▸ What you need to do: An exact reproduction is needed of every line from the beginning of the data down to and including the line that contains "从工业产品研制生产阶段来看,达索析统提供", minus the pictures.

▸ Given entries:
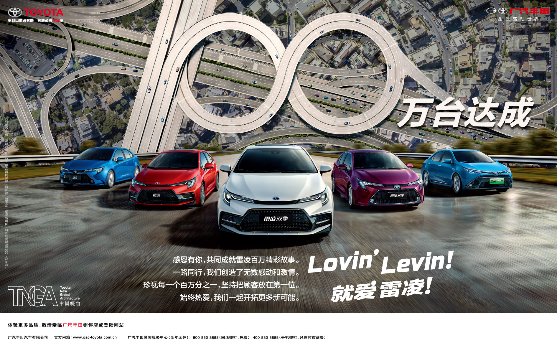 在消费升级潮流之下,雷凌家族依靠丰田TNGA架构不断实现价值提升,广受市场赞誉。其原因在于,雷凌并不是简单地完成产品功能叠加,而是能有前瞻性地预见消费者的需求,以优秀的造车工艺、先进的科技水平持续为消费者带来惊喜。自2014年国产上市,雷凌家族在上市6周年之际收获100万台销量达成的成绩单,换算下来相当于每三分钟就卖出一台车!
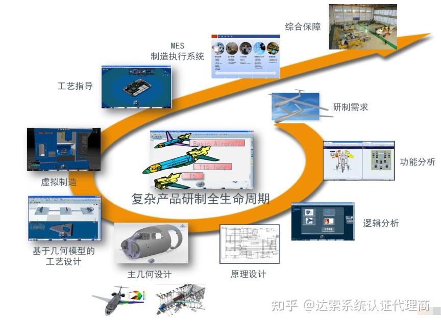 从工业产品研制生产阶段来看,达索析统提供了从研制需求开始,进行功能分析、逻辑分析、原理设计、结构设计和仿真、工艺设计、虚拟制造、工艺规程、加工制造和售后保障等功能支撑。
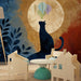 Dette tapetet med katt og måne fanger den mystiske skjønnheten av natten. Silhuetten av en katt som sitter på en ås, omgitt av løvverk, skjærer seg elegant ut mot en stor fullmåne. Nyansene av blått og oker kontrasterer harmonisk, og legger til en kunstnerisk og drømmende touch til ethvert interiør.
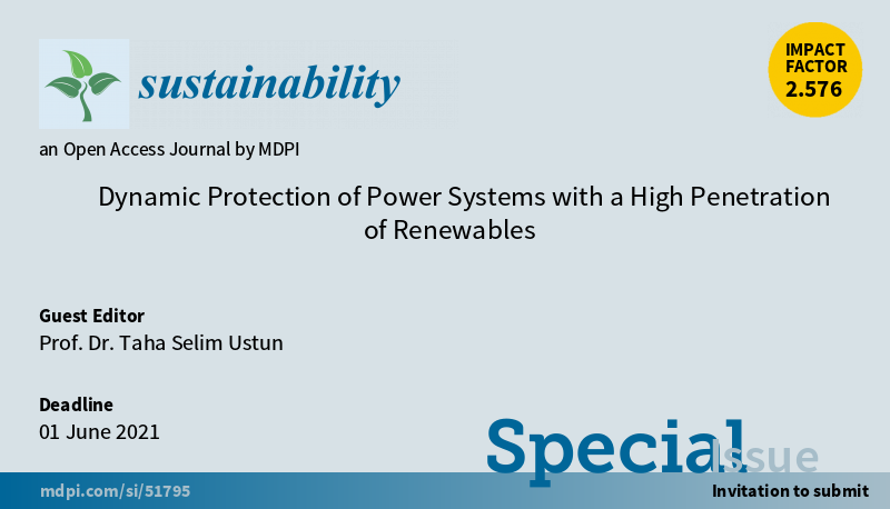 Special Issue "Dynamic Protection of Power Systems with a High Penetration of Renewables" welcomes submission Edited by Prof. Dr. Krishna P Paudel Deadline for submissions: 1 June 2021 #Algorithms #Control More at: https://www.mdpi.com/journal/sustainability/special_issues/Power_Renewables_sus …pic.twitter.com/haMw5B7FzG
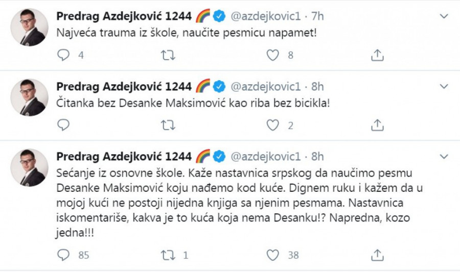 Gej aktivista Predrag Azdejković otkrio je na Tviteru koja mu je najveća trauma iz školskih dana.
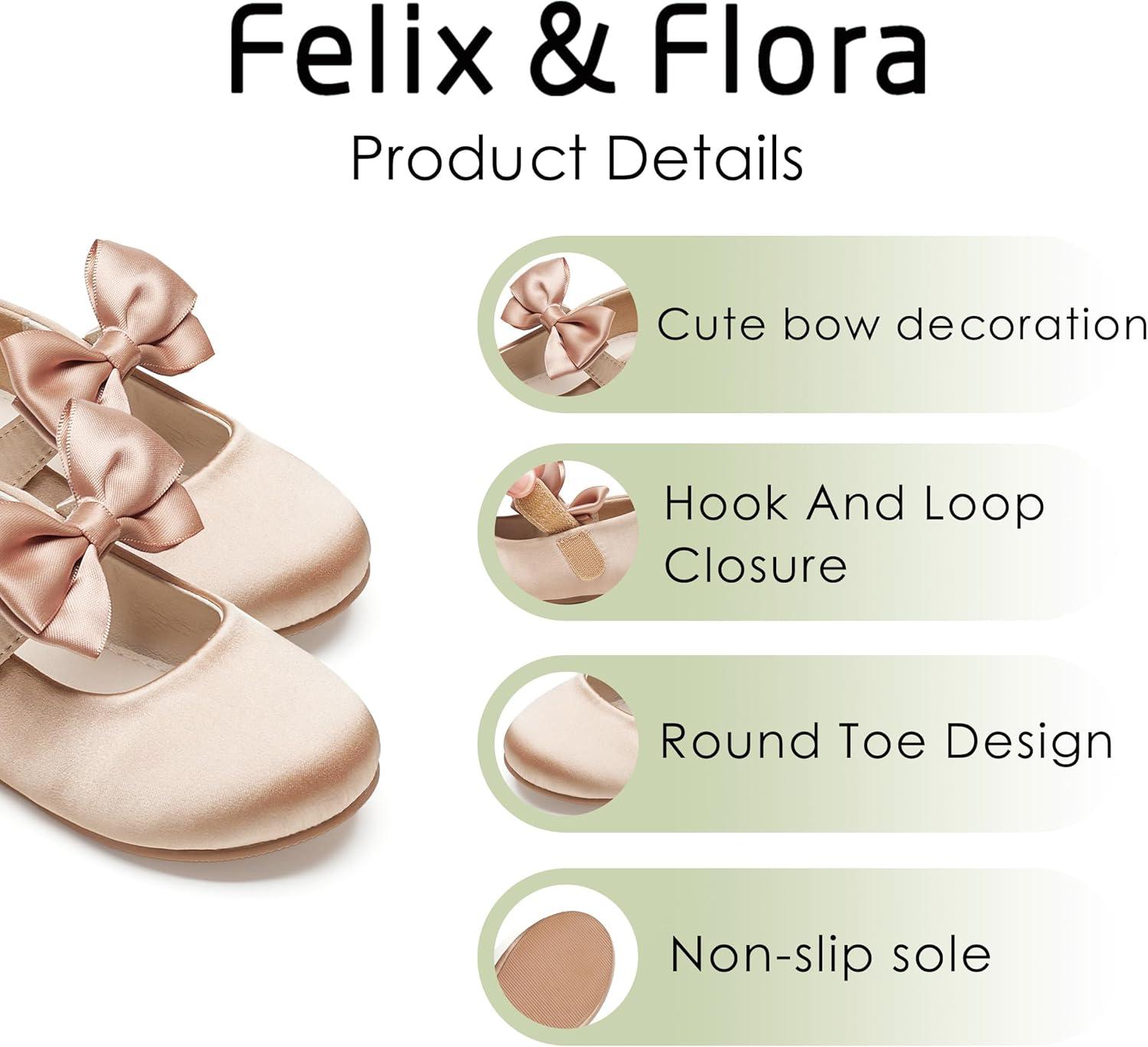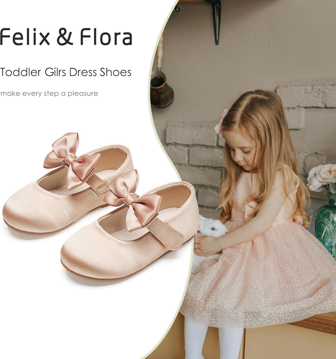 Felix & Flora Toddler Girl Dress Shoes – Flower Girl Ballet Flats School Wedding Party(B903-s Dark Nude)
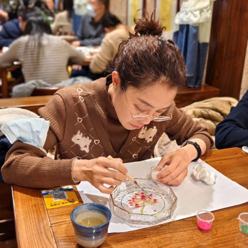 活动现场,工会主席王慧静同志代表单位对全体女职工表达了深切关怀和慰问,向大家致以节日问候和美好祝福,并表示,掐丝珐琅是我国非物质文化遗产之一,也是中华优秀传统文化的重要组成部分,是中华民族智慧与文明的结晶。新时代新征程上,我们要凝聚青春力量,弘扬传统文化,让“国潮”“手绘”等元素融入文化遗产,充分感受非遗之美,用“指尖上的艺术”让非遗文化“鲜活”起来!活动中,主讲老师为大家讲解掐丝珐琅的历史渊源、发展历程和掐丝工艺流程。女职工们跃跃欲试,在老师讲解完毕后迅速开始了掐丝珐琅的制作,大家小心翼翼地拿起金丝,全神贯注地按照底板轮廓勾勒出一个个生动的线条,经过注胶、掐丝、调沙、点蓝等工序后,一幅幅精美的作品在女职工们的巧手下呈现出来,大家脸上都洋溢着幸福、满足的笑容。
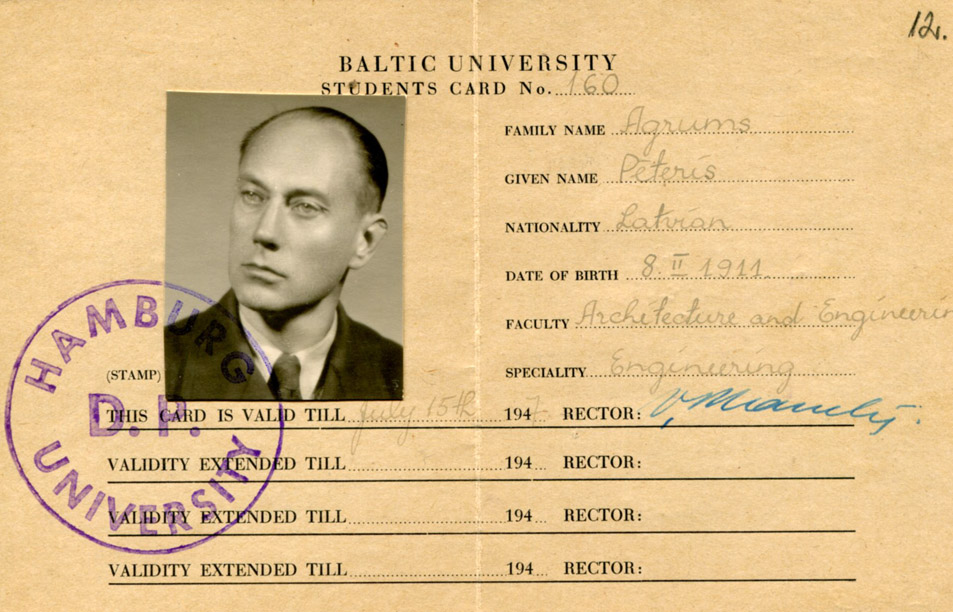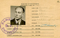 | Baltijas Universitātes studenta karte. 1947. gads. LVA, 1971. f., 1. apr., 66. l., 12. lp. |

▸ Solution to this task:
 在消费升级潮流之下,雷凌家族依靠丰田TNGA架构不断实现价值提升,广受市场赞誉。其原因在于,雷凌并不是简单地完成产品功能叠加,而是能有前瞻性地预见消费者的需求,以优秀的造车工艺、先进的科技水平持续为消费者带来惊喜。自2014年国产上市,雷凌家族在上市6周年之际收获100万台销量达成的成绩单,换算下来相当于每三分钟就卖出一台车!
 从工业产品研制生产阶段来看,达索析统提供了从研制需求开始,进行功能分析、逻辑分析、原理设计、结构设计和仿真、工艺设计、虚拟制造、工艺规程、加工制造和售后保障等功能支撑。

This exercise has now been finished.